All the lines below need to be transcribed exactly. Pictures get left out.
*** Opening The records ***
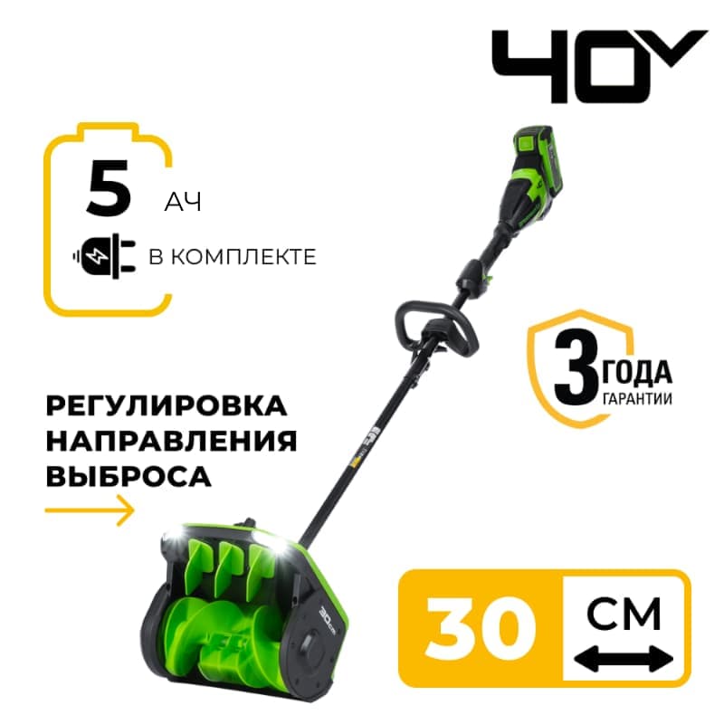 Снегоуборщик аккумуляторный Greenworks GD40SS2, 40V, 30 см, с регулируемым направлением выброса, бесщеточный, с 1хАКБ 5 Ач и ЗУ (2603107UG). Станет отличным зимним дополнением к вашей коллекции устройств для сада 40V. Незаменимый помощник владельцев дач, частных домов, отдельно стоящих гаражей. Удобно чистить не только открытые площадки, но и террасы, патио. Шнек снегоуборщика выполнен из прочного пластика. Он не повреждает декоративное покрытие очищая снег до основания.
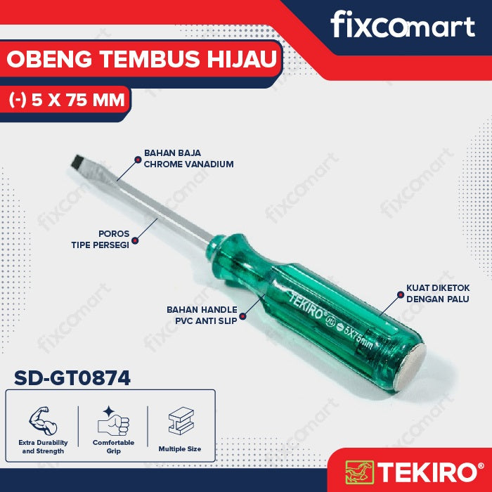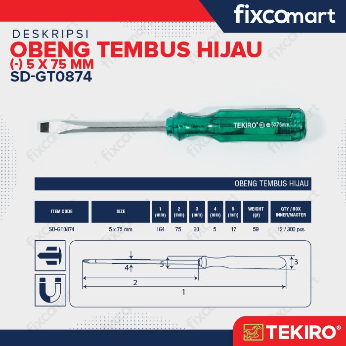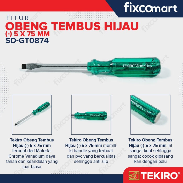 Tekiro Obeng Tembus Hijau (-) 5 X 75 Mm / Tekiro Obeng Go Thru
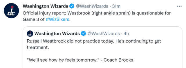 JRS直播网讯 北京时间5月29日,奇才官方宣布,威斯布鲁克(右脚踝扭伤)出战G3的状态是questionable(出战成疑,上场可能50%)。早些时候,奇才官方表示,威少没有参加今天的球队训练,他继续接受治疗。主帅布鲁克斯说:“我们要看看他明天的感觉。”
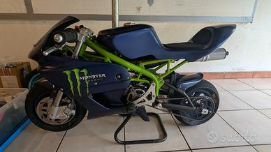 Minimoto telaio MEDOS (entrambe) motore Polini raffreddato aria (moto blu) / motore BZM liquido carter oro (moto nera).
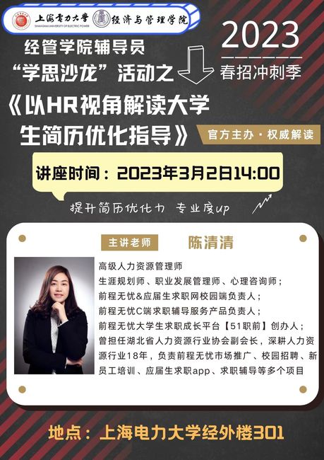 讲座嘉宾陈清清女士作为前程无忧&应届生求职网校园端负责人、大学生求职成长平台“51职前”创办人等,具有丰富的企业管理和求职培训指导经验。她围绕“学生撰写简历的逻辑、HR如何筛选简历、正确的简历撰写思路、HR如何看简历、简历优化案例分享”五大模块分享了作为企业HR视角来指导学生简历优化的经验。陈女士金句频出,切中肯綮,听者频频点头,受益匪浅。在互动环节,陈女士从个人基本信息、求职意向、教育背景、校园经历、实习经历、奖励荣誉、技能证书、自我评价八个方面,再次强调在职业指导过程中,要引导学生用“营销”的思维去积极做好求职准备。
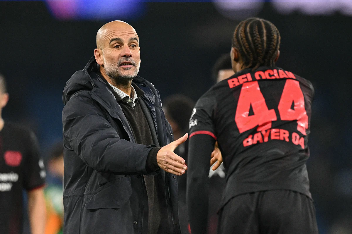 Главный тренер "Манчестер Сити" Пеп Гвардиола (слева) пожимает руку защитнику леверкузенского "Байера" Жануэлю Белочяну. Картинка предоставлена AFP
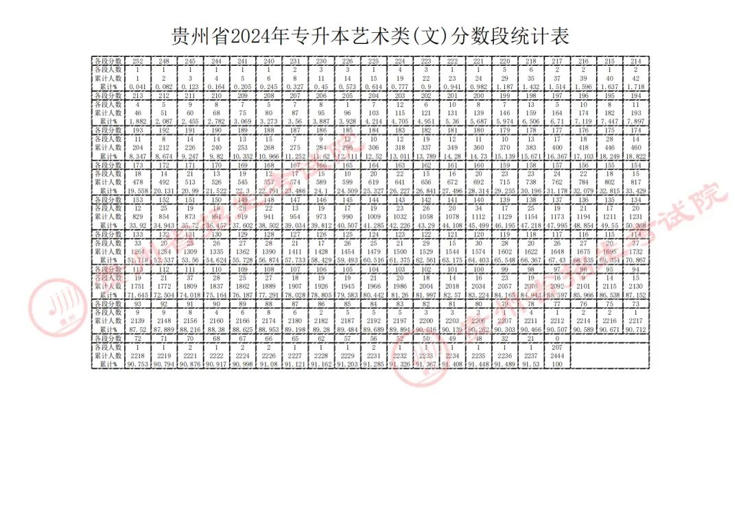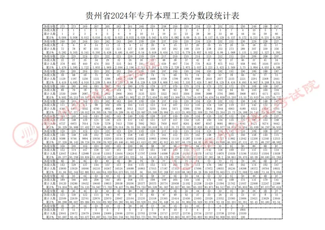 二、我省2024年普通高等学校专升本文化考试分数段统计表
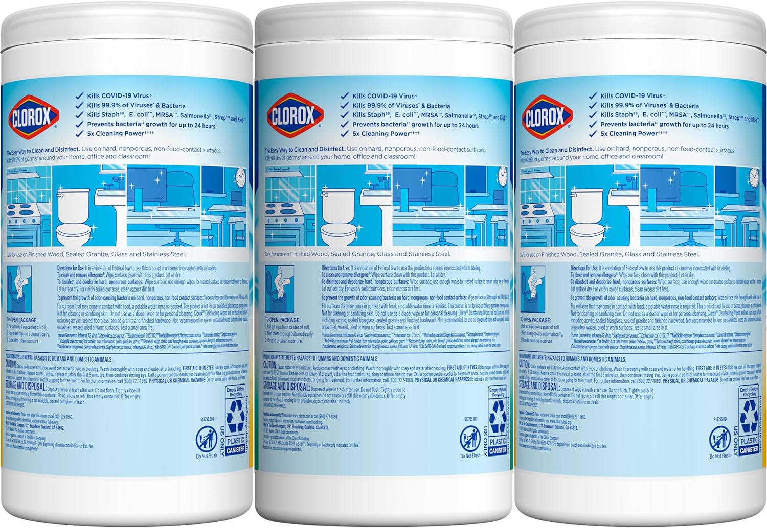 DISINFECTING WIPES: Clorox Disinfecting Wipes are proven to kill COVID 19 Virus* in 15 seconds; cleans and kills 99.9% of viruses and bacteria with powerful, 5x cleaning power* wipe; Package may vary
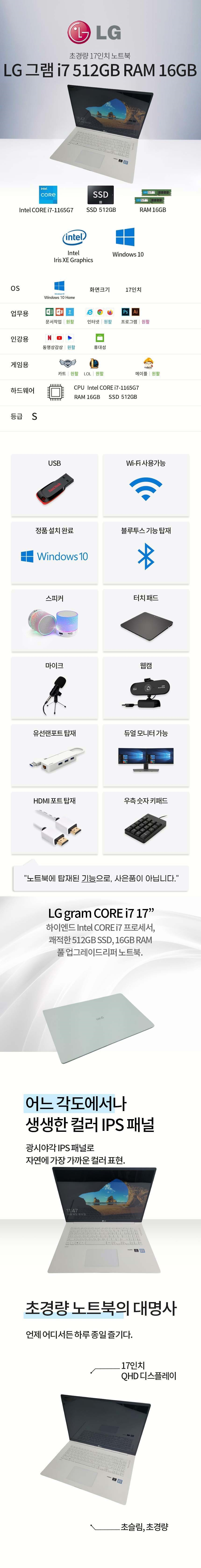 이미지 확대보기LG 17인치 대화면 그램 i7 11TH RAM 16GB SSD 512GB 쿼드코어 고사양 가벼운
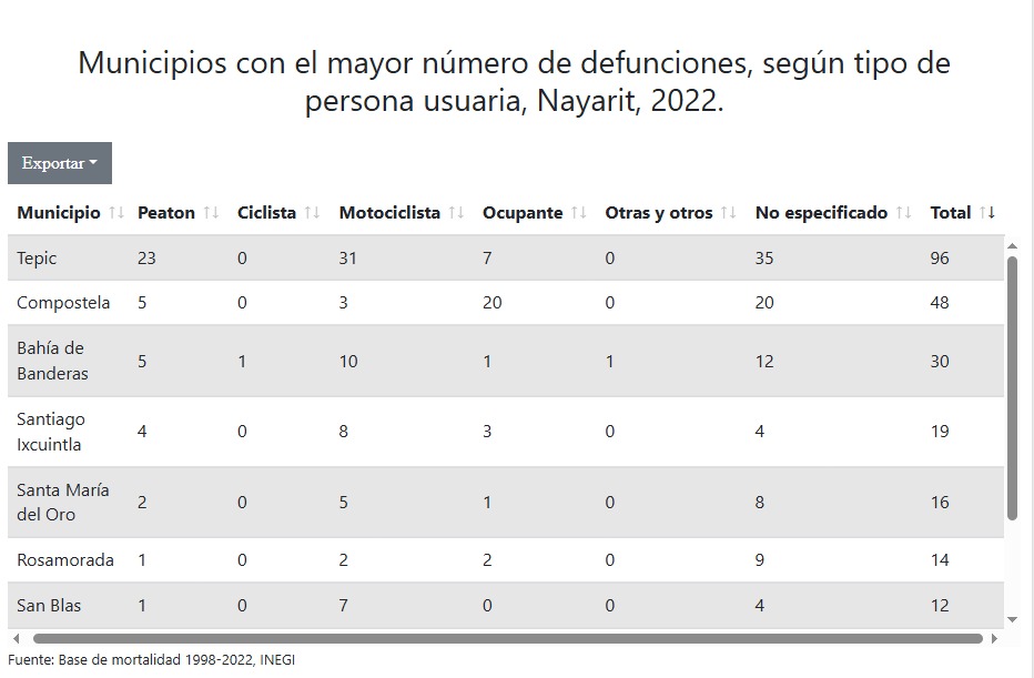 Nayarit (1,238,893 habitantes): 278 homicidios, 122 por tránsito (43.8 por ciento).
*** Closing The records ***
### Response box
 Снегоуборщик аккумуляторный Greenworks GD40SS2, 40V, 30 см, с регулируемым направлением выброса, бесщеточный, с 1хАКБ 5 Ач и ЗУ (2603107UG). Станет отличным зимним дополнением к вашей коллекции устройств для сада 40V. Незаменимый помощник владельцев дач, частных домов, отдельно стоящих гаражей. Удобно чистить не только открытые площадки, но и террасы, патио. Шнек снегоуборщика выполнен из прочного пластика. Он не повреждает декоративное покрытие очищая снег до основания.
 Tekiro Obeng Tembus Hijau (-) 5 X 75 Mm / Tekiro Obeng Go Thru
 JRS直播网讯 北京时间5月29日,奇才官方宣布,威斯布鲁克(右脚踝扭伤)出战G3的状态是questionable(出战成疑,上场可能50%)。早些时候,奇才官方表示,威少没有参加今天的球队训练,他继续接受治疗。主帅布鲁克斯说:“我们要看看他明天的感觉。”
 Minimoto telaio MEDOS (entrambe) motore Polini raffreddato aria (moto blu) / motore BZM liquido carter oro (moto nera).
 讲座嘉宾陈清清女士作为前程无忧&应届生求职网校园端负责人、大学生求职成长平台“51职前”创办人等,具有丰富的企业管理和求职培训指导经验。她围绕“学生撰写简历的逻辑、HR如何筛选简历、正确的简历撰写思路、HR如何看简历、简历优化案例分享”五大模块分享了作为企业HR视角来指导学生简历优化的经验。陈女士金句频出,切中肯綮,听者频频点头,受益匪浅。在互动环节,陈女士从个人基本信息、求职意向、教育背景、校园经历、实习经历、奖励荣誉、技能证书、自我评价八个方面,再次强调在职业指导过程中,要引导学生用“营销”的思维去积极做好求职准备。
 Главный тренер "Манчестер Сити" Пеп Гвардиола (слева) пожимает руку защитнику леверкузенского "Байера" Жануэлю Белочяну. Картинка предоставлена AFP
 二、我省2024年普通高等学校专升本文化考试分数段统计表
 DISINFECTING WIPES: Clorox Disinfecting Wipes are proven to kill COVID 19 Virus* in 15 seconds; cleans and kills 99.9% of viruses and bacteria with powerful, 5x cleaning power* wipe; Package may vary
 이미지 확대보기LG 17인치 대화면 그램 i7 11TH RAM 16GB SSD 512GB 쿼드코어 고사양 가벼운
 Nayarit (1,238,893 habitantes): 278 homicidios, 122 por tránsito (43.8 por ciento).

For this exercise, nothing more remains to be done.